As always, an absence from this blog means that I am too busy to write about the things that make me so busy- or, the much more sinister word thief- myself.
I am trying to write a lecture that needs to be taught tomorrow about the parol evidence rule and it has to be the most painful, boring topic ever invented; and therefore, ripe for a million distractions such as the articles about celebrities and a sudden interest in a British divorce case about tuna fish. However, feel compelled to come clean about something that has been painful and distracting of late.

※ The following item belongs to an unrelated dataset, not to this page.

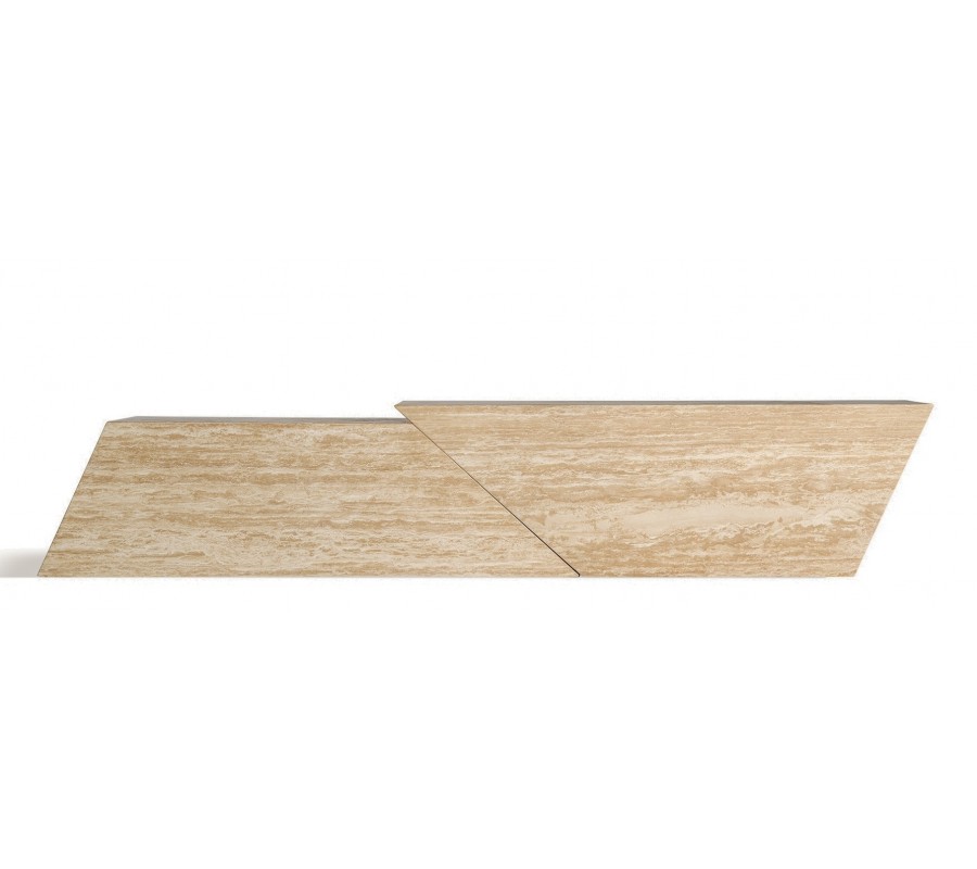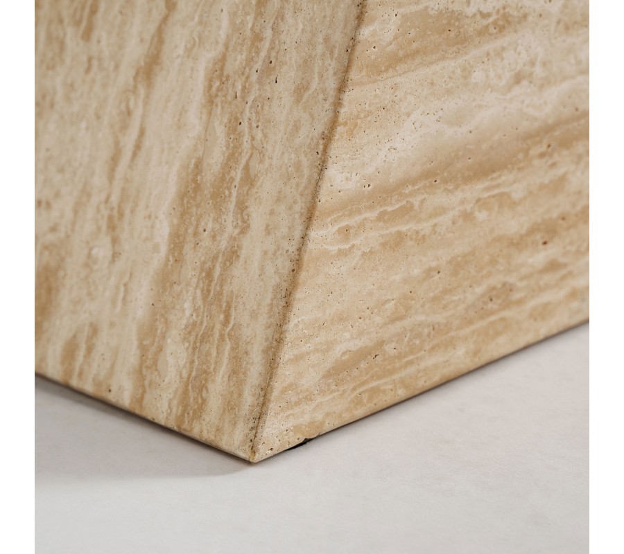 Celý tvar pripomína kosoštvorcovú siluetu, kde precízne skosené hrany a diagonálne línie umocňujú jeho sochársky výraz. Tento TV stolík nepôsobí len ako funkčný prvok, ale aj ako umelecký objekt, ktorý dokáže v interiéri zaujať na prvý pohľad. Hladký povrch travertínu odráža prirodzené svetlo a vytvára elegantný kontrast medzi jeho matnou štruktúrou a premenlivými odtieňmi minerálnych usadenín.

My mom … in the course of a month or two has disappeared. Her quirky forgetfulness and confusion has become a complete and total loss of functioning. She cannot remember what day it is, where she is going, what she is doing, and what we are talking about. She manages for about fifteen minutes at a time, but then is mess again. The doctors have not identified any major event and I cannot really convince the nurses that she isn’t the same. I am alone in my diagnosis and, as always, essentially alone in caring.

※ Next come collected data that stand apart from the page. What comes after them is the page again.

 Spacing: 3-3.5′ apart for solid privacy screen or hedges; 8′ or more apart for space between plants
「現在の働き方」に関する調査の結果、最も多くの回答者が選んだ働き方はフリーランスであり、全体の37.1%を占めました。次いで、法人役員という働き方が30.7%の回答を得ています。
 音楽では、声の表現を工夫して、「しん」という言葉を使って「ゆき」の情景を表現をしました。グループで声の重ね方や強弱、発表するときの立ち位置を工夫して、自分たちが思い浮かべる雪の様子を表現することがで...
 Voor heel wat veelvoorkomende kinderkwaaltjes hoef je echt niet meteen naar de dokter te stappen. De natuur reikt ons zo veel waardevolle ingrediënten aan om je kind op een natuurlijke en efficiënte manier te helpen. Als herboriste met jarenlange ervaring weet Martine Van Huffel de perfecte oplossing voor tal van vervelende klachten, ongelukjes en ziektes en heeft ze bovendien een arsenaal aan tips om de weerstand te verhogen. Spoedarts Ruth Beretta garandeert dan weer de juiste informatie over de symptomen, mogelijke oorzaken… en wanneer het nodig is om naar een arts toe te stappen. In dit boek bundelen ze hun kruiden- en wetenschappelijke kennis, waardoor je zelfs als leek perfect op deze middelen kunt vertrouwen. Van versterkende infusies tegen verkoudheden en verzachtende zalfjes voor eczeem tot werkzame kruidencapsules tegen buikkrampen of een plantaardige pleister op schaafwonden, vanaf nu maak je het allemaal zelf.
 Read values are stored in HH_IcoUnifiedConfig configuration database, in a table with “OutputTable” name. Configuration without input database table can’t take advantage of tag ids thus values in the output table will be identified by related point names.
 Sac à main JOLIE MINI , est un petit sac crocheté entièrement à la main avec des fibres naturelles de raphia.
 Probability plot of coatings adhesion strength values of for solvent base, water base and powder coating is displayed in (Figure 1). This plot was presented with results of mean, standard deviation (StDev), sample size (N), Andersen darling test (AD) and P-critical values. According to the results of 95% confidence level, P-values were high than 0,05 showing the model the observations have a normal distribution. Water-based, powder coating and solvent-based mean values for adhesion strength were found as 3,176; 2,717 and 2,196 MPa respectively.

There isn’t anything that can be done…I continue to call and visit and take her out- but I wonder how long that will last. She came to my house for a Seder Friday night, but by today doesn’t really remember much about it.
The cause or trajectory is really not all that important and the details are, I am sure, not unique. However, I am feeling sorry for her … and for me. Would it have been too much to ask to be allowed to avoid this one minefield? Wasn’t it enough to have to witness her decline, watch her money and independence run out and have to put her in a nursing home two years ago because of physical limitations? I have already experienced every one of the pitfalls and challenges that come with aging parents being the only ingredient in my own personal “sandwich” generation. I get it. It sucks… I don’t need more convincing.
What exactly is the plan here?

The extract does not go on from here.